The nonvolatile resistive switching memristor with Co-Ni layered double hydroxide hybrid nanosheets and its application as a artificial synapse

Because of its excellent electrical properties and promising application prospects, two-dimensional materials have attracted extensive research interests of researchers. Among them, Co-Ni layered double hydroxide (LDH) has semiconductor properties and has been widely studied in super capacitor. However, there are few reports about 2D Co-Ni LDHs materials as memristors. In this work, a memristor based on Co-Ni LDHs hybrid nanosheets is reported.

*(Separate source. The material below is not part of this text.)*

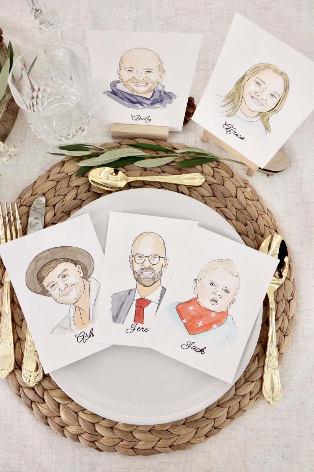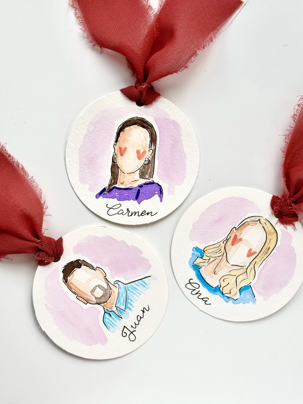 Cada invitado puede encontrar su propio mini retrato ilustrado en la mesa, con su nombre, un detalle divertido y hecho a mano. Solo necesito una foto de cada persona y su nombre bien revisado para transformar esas imágenes en recuerdos que arrancan sonrisas y se guardan para siempre.

After electroforming, Al/Co-Ni LDHs/Al devices exhibit nonvolatile resistance switching behavior. More importantly, multiple progressive resistance switches could be achieved by adjusting the duration or amplitude of the applied pulse (less than the set threshold voltage to prevent a sudden setting process). Given its gradual resistive switching, Co-Ni LDHs-based memristors were used to simulate synaptic function in biology, including: learning and forgetting process, STP and LTP, PPF characteristics, and STDP. By studying the microstructure, it is proposed that the O vacancy is the physical mechanism of the resistance switch behavior. This work reveals that Co-Ni LDH nanosheets have excellent application potential in memristors, which may open the door to more functions and applications.

Automated summary

Researchers reported a memristor based on Co-Ni LDH hybrid nanosheets, showing multiple progressive resistance switches when applying pulses, which can simulate synaptic functions in biology. By studying the microstructure, the O vacancy was identified as the physical mechanism of the resistance switch behavior. This work reveals the excellent application potential of Co-Ni LDH nanosheets in memristors.